There are many factors Bonj but all things being equal a trike will be slower than a bike due to the increased rolling resistance of the extra wheel. A very recumbent racing trike will be faster than a more upright touring recumbent bike because of it's better aerodynamics. Trikes aren't used at the upper level of Human Powered Vehicle competition any more, the increase rolling resistance is a factor but it has more to do with aerodynamics. Three wheels require a fairing with a larger frontal area but more importantly interference drag caused by turbulence in the air trapped between the road surface and the underside of the shell is impossible to avoid.

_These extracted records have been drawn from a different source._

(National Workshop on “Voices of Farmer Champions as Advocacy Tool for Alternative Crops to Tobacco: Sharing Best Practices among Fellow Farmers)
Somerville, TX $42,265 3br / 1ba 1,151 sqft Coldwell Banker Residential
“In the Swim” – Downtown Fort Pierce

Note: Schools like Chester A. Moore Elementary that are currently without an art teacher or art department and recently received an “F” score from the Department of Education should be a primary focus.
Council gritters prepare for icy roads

The transition from upright to very recumbent is a steep learning curve for most people but this can be eased by riding a less hardcore semi recumbent such as a Bike-E, Giant Revive or Linear.


----------



## BentMikey (26 Oct 2008)

How much faster... How long is a piece of string? It depends on so many factors, there is a much wider variation in recumbent types and therefore speed.


----------



## swscotland bentrider (26 Oct 2008)

I went on a try out day with Laidback in Edinburgh. In two hours I went from zero to riding reasonably confidently round Arthur's Seat. My bike a semi low seat Nazca Fuego took a few weeks to adjust to, but if I'm honest, it was best part of six months before I felt as confident on it as I am on a DF. Riding it was OK I but needed more concentration than on a DF. I guess I'm saying it takes a while for it to become intuitive. Wouldn't be without now though!


----------



## bonj2 (26 Oct 2008)

what about cornering? (i.e. at speed)


----------



## Arch (26 Oct 2008)

bonj said:


> what about cornering? (i.e. at speed)



Again, how long is a piece of string. Depends on the rider, the type of bike (or trike), the individual corner, road conditions...

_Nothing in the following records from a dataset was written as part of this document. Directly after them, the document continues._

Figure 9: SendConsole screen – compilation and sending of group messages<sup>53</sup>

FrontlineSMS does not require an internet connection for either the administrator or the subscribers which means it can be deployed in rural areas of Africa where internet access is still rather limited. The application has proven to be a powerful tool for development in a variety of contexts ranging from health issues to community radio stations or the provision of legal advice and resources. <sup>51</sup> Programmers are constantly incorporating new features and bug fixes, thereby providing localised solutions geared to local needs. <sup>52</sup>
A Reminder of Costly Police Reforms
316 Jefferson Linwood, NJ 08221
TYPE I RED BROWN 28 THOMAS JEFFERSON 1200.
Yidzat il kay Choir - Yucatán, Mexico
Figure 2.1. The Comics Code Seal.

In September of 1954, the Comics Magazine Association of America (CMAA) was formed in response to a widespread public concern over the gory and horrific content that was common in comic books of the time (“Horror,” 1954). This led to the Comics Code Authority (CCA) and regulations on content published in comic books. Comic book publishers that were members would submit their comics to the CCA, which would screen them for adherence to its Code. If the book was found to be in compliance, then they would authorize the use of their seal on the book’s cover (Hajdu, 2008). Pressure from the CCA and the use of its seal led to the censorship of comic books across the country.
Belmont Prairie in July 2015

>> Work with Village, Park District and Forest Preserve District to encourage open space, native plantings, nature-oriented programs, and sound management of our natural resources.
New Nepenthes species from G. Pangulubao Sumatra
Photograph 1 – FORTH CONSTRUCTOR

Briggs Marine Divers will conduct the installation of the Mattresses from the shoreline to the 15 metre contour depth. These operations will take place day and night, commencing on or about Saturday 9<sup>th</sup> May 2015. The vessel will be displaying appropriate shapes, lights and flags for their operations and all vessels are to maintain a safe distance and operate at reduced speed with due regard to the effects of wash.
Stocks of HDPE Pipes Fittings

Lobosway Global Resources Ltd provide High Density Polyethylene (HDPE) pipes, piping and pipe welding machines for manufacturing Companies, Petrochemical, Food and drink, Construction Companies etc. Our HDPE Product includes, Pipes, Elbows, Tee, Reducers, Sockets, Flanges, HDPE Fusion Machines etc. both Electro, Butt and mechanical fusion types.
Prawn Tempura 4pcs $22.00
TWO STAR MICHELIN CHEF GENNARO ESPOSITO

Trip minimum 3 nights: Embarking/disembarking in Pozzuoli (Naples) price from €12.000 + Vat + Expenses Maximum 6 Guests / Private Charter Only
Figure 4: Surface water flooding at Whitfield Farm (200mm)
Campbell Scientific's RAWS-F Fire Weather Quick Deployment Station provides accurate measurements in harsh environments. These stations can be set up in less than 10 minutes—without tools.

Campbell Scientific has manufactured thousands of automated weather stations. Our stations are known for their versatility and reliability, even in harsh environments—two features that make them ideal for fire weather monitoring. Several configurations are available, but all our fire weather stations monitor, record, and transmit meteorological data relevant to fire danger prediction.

I've ridden in big mixed groups, and never noticed recumbents being handicapped in any way, with the exception of sometimes being slower uphill (but then generally faster down hill and on the flat). Never noticed people having trouble cornering.. As with any bike, it's down to how far you are prepared to push the boundaries, and how good a rider you are (hence on two wheels I'm a rather slow and unconfident cornerer, but on my trike, I'll throw it into most things at whatever speed I can manage...)


----------



## ufkacbln (26 Oct 2008)

Depends on the rider and machine...

I go downhill at double the speed on my Catrike than I would on either an upright or two wheel recumbent. Equally as Arch has pointed out throwing them around corners is more stable and with braking on the inner wheel only the tracking is solid and reliable.

I am faster on the Airnimal than on the SMGT or Hurricane, the Hurricane is faster than the Sareet Machine and the Catrike fastest overall.

What is interesting though is heart rate... I am in my "zone" at 15 mph on the Brompton, 17 - 18 on the Thorn, 20 on the Airnimal, but find I am at 20 mph + on the Catrike - so the effort is less!


----------



## bonj2 (26 Oct 2008)

very interesting cunobelin and arch cheers.


----------



## bonj2 (26 Oct 2008)

so, perhaps my question should have been rephrased, "how much faster..._if any_, are recumbent bikes than trikes?" ...

My reason for thinking at the top end trikes were as fast as bikes is that the other week when i did the BHF charity ride i was quite surprised that my 'terminal velocity' on the road (the snake) on the MTB with its 2.5", 20psi tyres was about 42mph, almost exactly the same as what it is on the roadie. I was expecting it to be less. Which proves, that at the top end when you're ragging it down a hill, rolling resistance of tyres doesn't make a blind bit of difference, it's all wind resistance.


----------



## Riding in Circles (26 Oct 2008)

On a long run an equivalent recumbent bike will be around 2mph faster in my experience, around town I think the trike is faster as you never have to unclip, personally I prefer the trike on a long run though as no hill is unclimeable, you do not wobble at slow speed and down hill is just so much fun you would think it illegal. Plus you have the joys of wet corners and ice and the like, that is when you really appreciate riding a trike.


----------



## bonj2 (26 Oct 2008)

if you go through a slippy patch say ice, does it not suddenly regain grip when you get to the end of the patch of ice? I would have thought that sudden regaining of grip might have a risk of flipping it?


----------



## Riding in Circles (26 Oct 2008)

bonj said:


> if you go through a slippy patch say ice, does it not suddenly regain grip when you get to the end of the patch of ice? I would have thought that sudden regaining of grip might have a risk of flipping it?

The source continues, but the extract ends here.